Я сказал ей все, что услышал от Дороти.
Похоже на брехню.
— Почему?
— А почему нет? Разве мы от нее что-нибудь другое слышали?
Нора опять зевнула.
— Сыщик, может быть, этим и удовольствуется, но для меня все это не слишком убедительно. Слушай, а почему бы нам не составить список всех подозреваемых, всех мотивов и ниточек, не сверить их…
— Вот ты и составляй. Я спать иду. Мамаша, а что такое «ниточка»?
— Ну, например, когда сегодня вечером Гилберт на цыпочках подошел к телефону, а я была в гостиной, и он подумал, что я сплю, и попросил телефонистку ни с кем не соединять до утра.
— Так-так.
— Или когда Дороти обнаружила, что ключ от тети Алисы был все время при ней.
— Так-так.
— Или когда Стадси толкнул Морелли под столом, когда тот заговорил о пьянице-родственничке этого, как его, Дика О’Брайена — ну, о том, с которым водилась Джулия Вулф.
Я поднялся и поставил чашки на стол:
— Не знаю, как может самый гениальный сыщик на что-либо рассчитывать, не имея тебя в женах, но ты, все же, перебираешь. Что Стадси толкнул Морелли под столом — это как раз то, чего не стоит брать в голову. Скорее уж есть смысл подумать, зачем они задали такую трепку толстяку: чтобы мне не досталось, или же, чтобы мне не сказали чего лишнего.
XXV
В четверть одиннадцатого Нора стала меня трясти, и я проснулся.
— К телефону, — сказала она. — Звонит Герберт Маколей, говорит, что очень важно.
Я пошел в спальню, ибо ночевал в гостиной, к телефону. Дороти крепко спала. Я буркнул в трубку:
— Алло.
Маколей сказал:
— До обеда еще далеко, но мне надо срочно с тобой повидаться. Можно прийти?
— Конечно. Приходи к завтраку.
— Я уже завтракал. Ты тоже перекуси, а я буду через пятнадцать минут.
Дороти чуть-чуть приоткрыла глаза, сонным голосом изрекла: «Поздно уже», перевернулась на другой бок и забылась сном.

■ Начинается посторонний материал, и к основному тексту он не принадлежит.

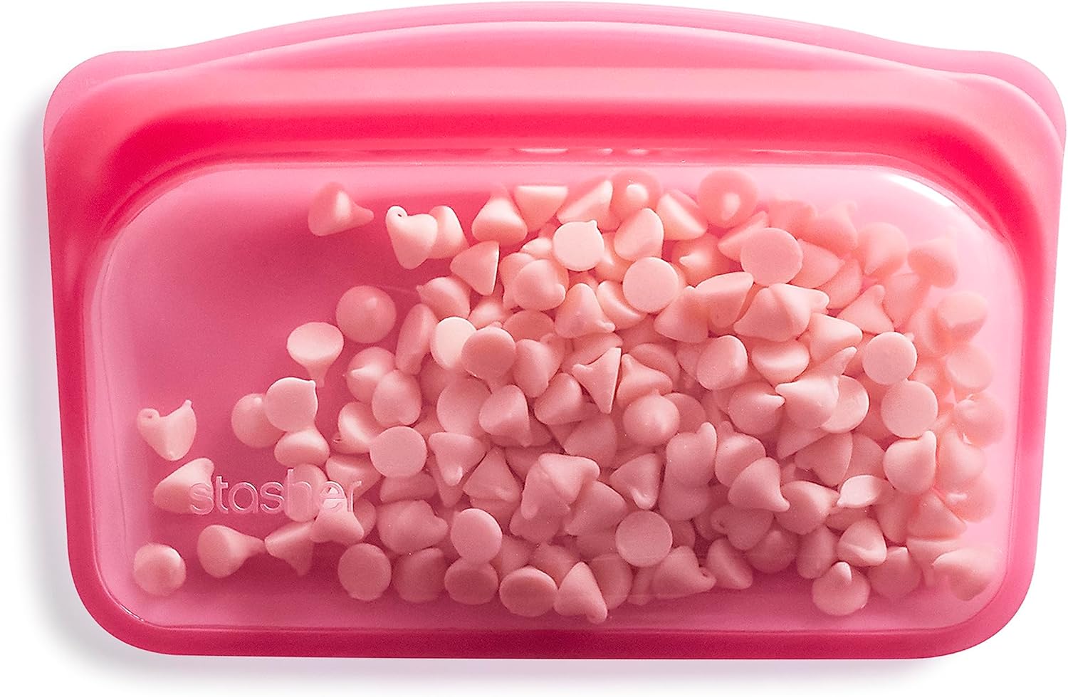 Stasher Premium Silicone Reusable Food Storage Snack Bag, Raspberry, Microwave, Sous Vide, Dishwasher, Oven and Freezer Safe, BPA Free, Leak-free, Eco-friendly, 12 Oz

Я плеснул холодной водой на лицо, на руки, почистил зубы, причесался и вернулся в гостиную.
— Он сейчас придет, — сообщил я Норе. — Он уже завтракал, но лучше закажи для него кофе. А я желаю куриной печенки.
— Я на ваш банкет приглашена или…
— Конечно. Ты ведь незнакома с Маколеем? Неплохой парень. Меня ненадолго прикомандировали к его отряду под Во, а после войны мы разыскали друг друга. Он мне пару дел подбросил, включая и Винанта. А как насчет по маленькой, горлышко промочить?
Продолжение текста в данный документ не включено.